[Data excerpts]
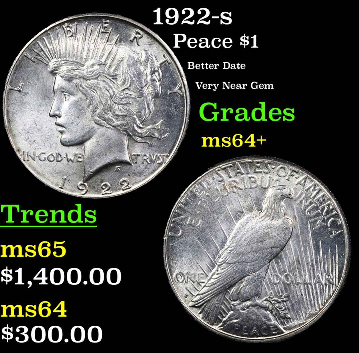1922-s Peace Dollar $1 Grades Choice+ Unc.
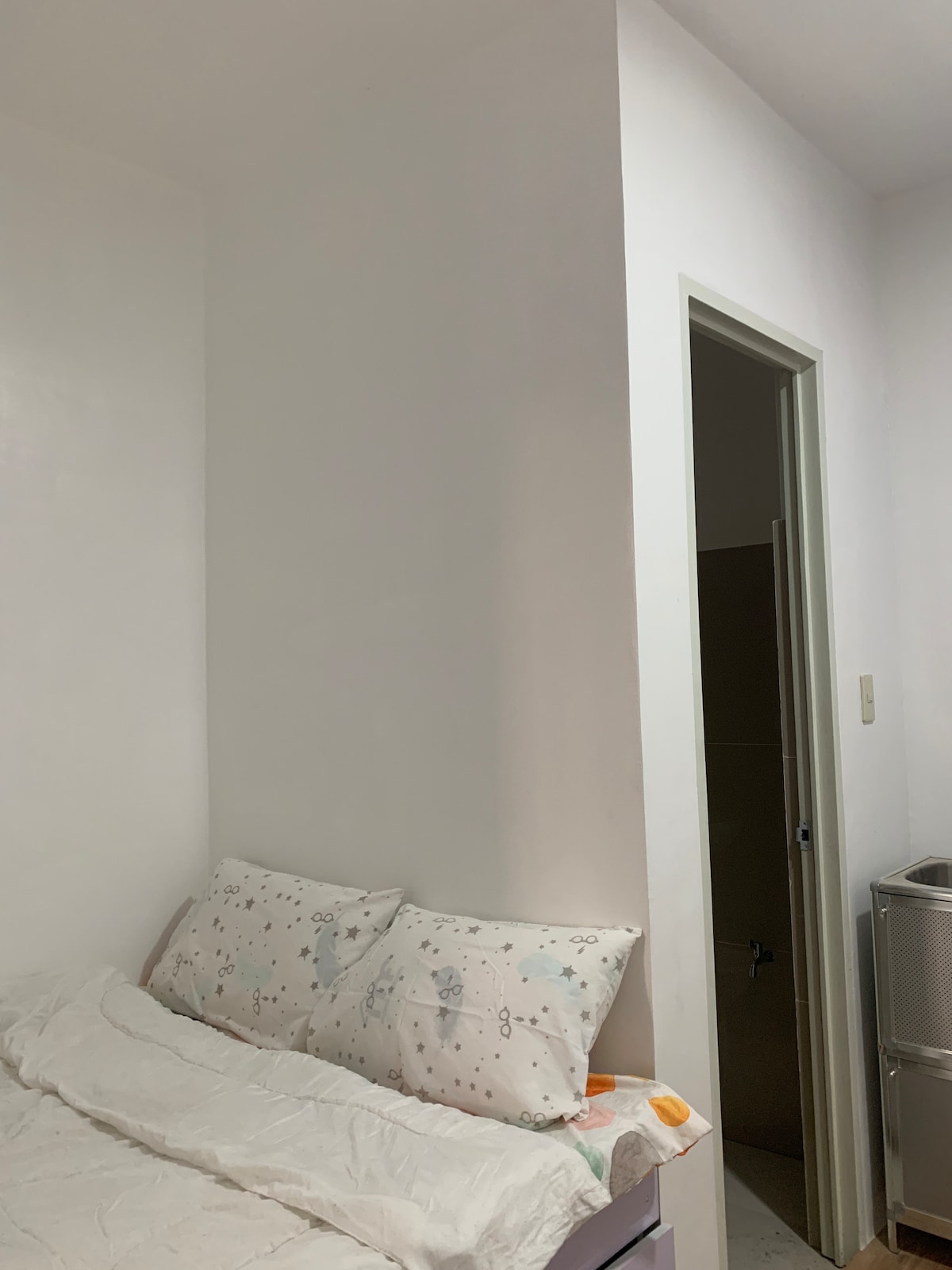 Spacious bedroom with private bathroom in an apartment in a gated compound; accces to large sala and kitchen.
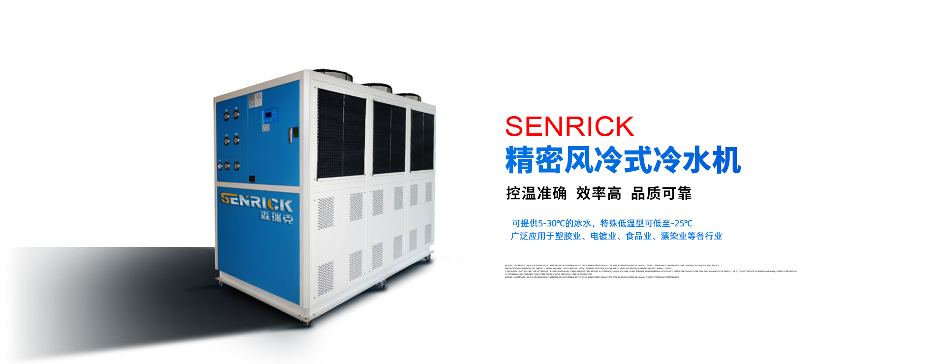 森瑞克機(jī)械(蘇州)有限公司(簡稱:SENRICK)是一家中外合作性企業(yè),引進(jìn)技術(shù),專注于工業(yè)制冷設(shè)備,工業(yè)溫控設(shè)備,非標(biāo)制冷設(shè)備,集激光,化工,真空設(shè)備輔機(jī)等集研發(fā)、生產(chǎn)、銷售、服務(wù)于一體的的現(xiàn)代化科技企業(yè)。公司擁有完善的制造設(shè)備,先進(jìn)的檢測系統(tǒng),獨(dú)立的加工、生產(chǎn)工藝,一支開拓創(chuàng)新專業(yè)有素的技術(shù)人才團(tuán)隊(duì),以及全面的質(zhì)量控制體系,為產(chǎn)品質(zhì)量的不斷優(yōu)化提供了強(qiáng)大的保障,以確保滿足不同市場的各種需求。經(jīng)過多年的努力企業(yè)相繼研發(fā)生產(chǎn)出了工業(yè)冷水機(jī),工業(yè)冷風(fēng)機(jī),工業(yè)冷油機(jī),工業(yè)機(jī),低溫冷水機(jī),低溫冷風(fēng)機(jī),低溫冷油機(jī),螺桿式冷水機(jī)...
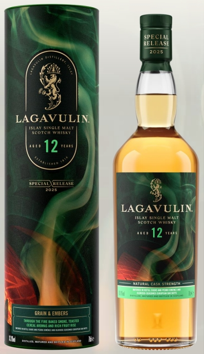 This 12-year-old Lagavulin is matured in a mix of refill casks and sherry-seasoned casks—both Pedro Ximénez and Oloroso—resulting in a powerful and smoky dram. It’s intensely peaty and phenolic, with layers of smouldering embers, wood ash, and coastal salinity, alongside faint notes of medicinal bandages and a whisper of clean, soapy freshness.
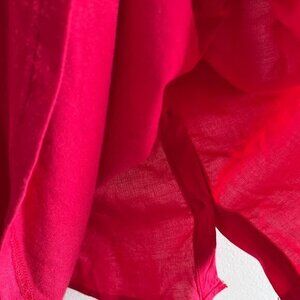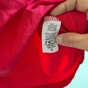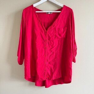 Pleione Women's size S Top Blouse Red V-neck 3/4 sleeves Button Down Pocket
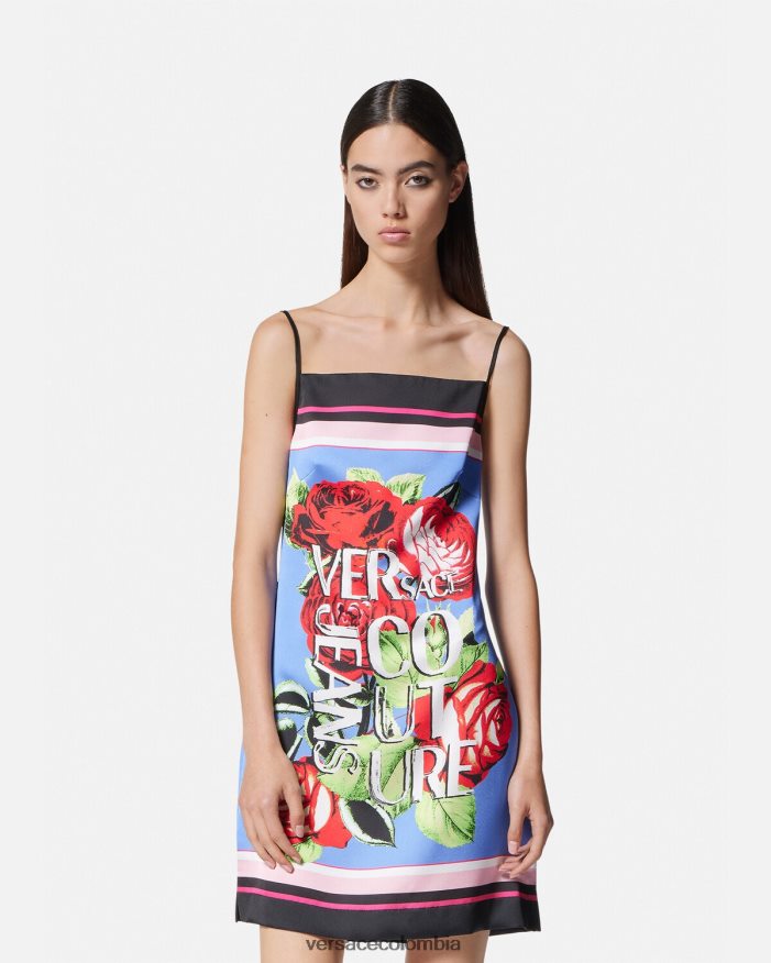 mujer mini vestido de rosas Versace azul claro 2RP40F2159 ropa
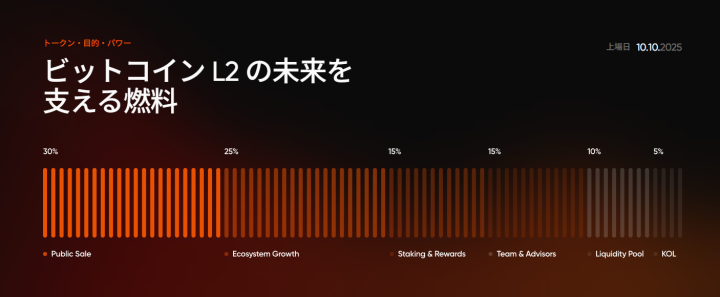 | 販売割合 | 公開販売 30%、エコシステム 25%、その他(チーム、ステーキングなど)45% |
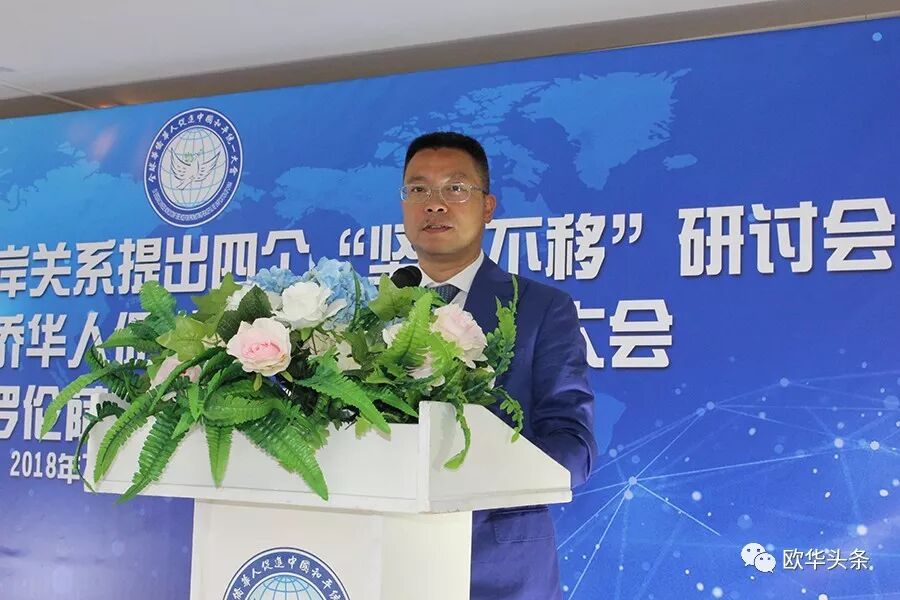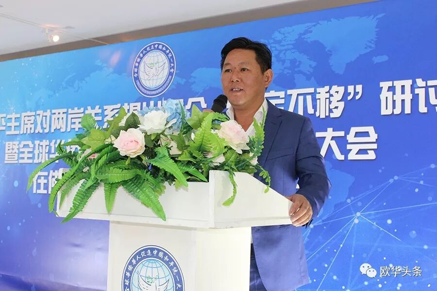 ▲意大利中国和平统一促进会第一常务会长胡建兵发表讲话
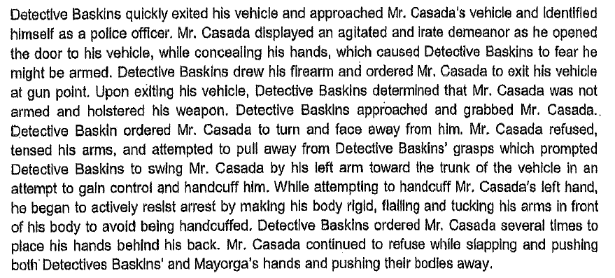 On March 27, 2017, MDPD officers wrote in a sworn arrest affidavit that Casado exited his vehicle “concealing his hands,” which forced the officers to grab him and pin him to the back of his car before punching him in the head, tackling him to the ground, and wrenching his arms behind his back.
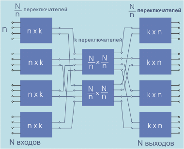 Первое слагаемое характеризует число элементарных переключателей во входной и выходной секциях системы, а второе - число элементарных переключателей в k внутренних модулях При N=1000, n=50 и k=10 требуется 24000 элементарных переключателей вместо миллиона (но и число одновременно формируемых каналов становится много меньше 1000).
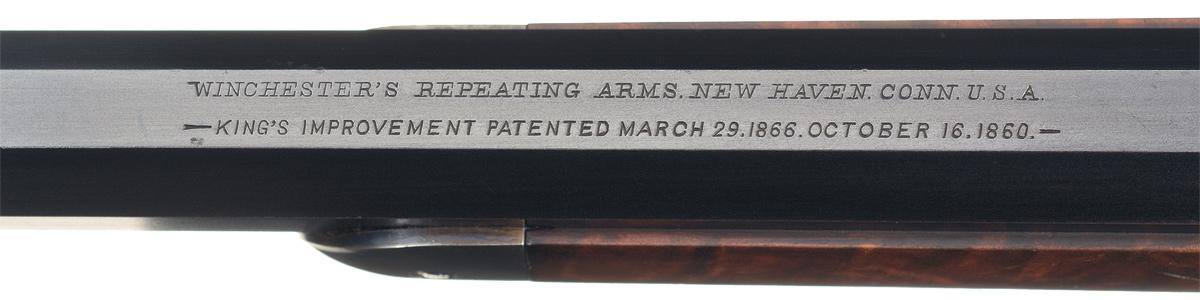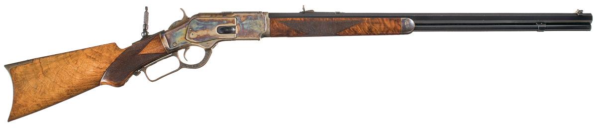 This is a fantastic example of a Deluxe Winchester Model 1873 lever action rifle that was manufactured in 1888. This particular example is a Third Model with the distinctive integral dust cover rail on top of the receiver. The top of the barrel is marked with the two line address/King's Improvement patent dates ahead of the rear sight, "32 W.C.F." at the breech and "32 CAL." on the bottom of the brass cartridge elevator. The tang mounted peep sight is covering the model designation and the serial number on the lower tang. The barrel is equipped with a special order folding globe sight that is adjustable for windage, standard buckhorn rear sporting sight, and there is a mid range tang mounted peep sight. The barrel and magazine tube are blue and the remaining parts are casehardened. The rifle is mounted with deluxe checkered fancy walnut forearm and pistol grip stock with a steel forend cap, black insert in the bottom of the pistol grip and crescent buttplate. This exceptional Model 1873 rifle is from the A.I. McCroskie Collection.

## [Exercise prompt]
If pictures are present, they are dropped, and the entries above are written out word for word.

## [Your solution]
1922-s Peace Dollar $1 Grades Choice+ Unc.
 Spacious bedroom with private bathroom in an apartment in a gated compound; accces to large sala and kitchen.
 森瑞克機(jī)械(蘇州)有限公司(簡稱:SENRICK)是一家中外合作性企業(yè),引進(jìn)技術(shù),專注于工業(yè)制冷設(shè)備,工業(yè)溫控設(shè)備,非標(biāo)制冷設(shè)備,集激光,化工,真空設(shè)備輔機(jī)等集研發(fā)、生產(chǎn)、銷售、服務(wù)于一體的的現(xiàn)代化科技企業(yè)。公司擁有完善的制造設(shè)備,先進(jìn)的檢測系統(tǒng),獨(dú)立的加工、生產(chǎn)工藝,一支開拓創(chuàng)新專業(yè)有素的技術(shù)人才團(tuán)隊(duì),以及全面的質(zhì)量控制體系,為產(chǎn)品質(zhì)量的不斷優(yōu)化提供了強(qiáng)大的保障,以確保滿足不同市場的各種需求。經(jīng)過多年的努力企業(yè)相繼研發(fā)生產(chǎn)出了工業(yè)冷水機(jī),工業(yè)冷風(fēng)機(jī),工業(yè)冷油機(jī),工業(yè)機(jī),低溫冷水機(jī),低溫冷風(fēng)機(jī),低溫冷油機(jī),螺桿式冷水機(jī)...
 This 12-year-old Lagavulin is matured in a mix of refill casks and sherry-seasoned casks—both Pedro Ximénez and Oloroso—resulting in a powerful and smoky dram. It’s intensely peaty and phenolic, with layers of smouldering embers, wood ash, and coastal salinity, alongside faint notes of medicinal bandages and a whisper of clean, soapy freshness.
 Pleione Women's size S Top Blouse Red V-neck 3/4 sleeves Button Down Pocket
 mujer mini vestido de rosas Versace azul claro 2RP40F2159 ropa
 | 販売割合 | 公開販売 30%、エコシステム 25%、その他(チーム、ステーキングなど)45% |
 ▲意大利中国和平统一促进会第一常务会长胡建兵发表讲话
 On March 27, 2017, MDPD officers wrote in a sworn arrest affidavit that Casado exited his vehicle “concealing his hands,” which forced the officers to grab him and pin him to the back of his car before punching him in the head, tackling him to the ground, and wrenching his arms behind his back.
 Первое слагаемое характеризует число элементарных переключателей во входной и выходной секциях системы, а второе - число элементарных переключателей в k внутренних модулях При N=1000, n=50 и k=10 требуется 24000 элементарных переключателей вместо миллиона (но и число одновременно формируемых каналов становится много меньше 1000).
 This is a fantastic example of a Deluxe Winchester Model 1873 lever action rifle that was manufactured in 1888. This particular example is a Third Model with the distinctive integral dust cover rail on top of the receiver. The top of the barrel is marked with the two line address/King's Improvement patent dates ahead of the rear sight, "32 W.C.F." at the breech and "32 CAL." on the bottom of the brass cartridge elevator. The tang mounted peep sight is covering the model designation and the serial number on the lower tang. The barrel is equipped with a special order folding globe sight that is adjustable for windage, standard buckhorn rear sporting sight, and there is a mid range tang mounted peep sight. The barrel and magazine tube are blue and the remaining parts are casehardened. The rifle is mounted with deluxe checkered fancy walnut forearm and pistol grip stock with a steel forend cap, black insert in the bottom of the pistol grip and crescent buttplate. This exceptional Model 1873 rifle is from the A.I. McCroskie Collection.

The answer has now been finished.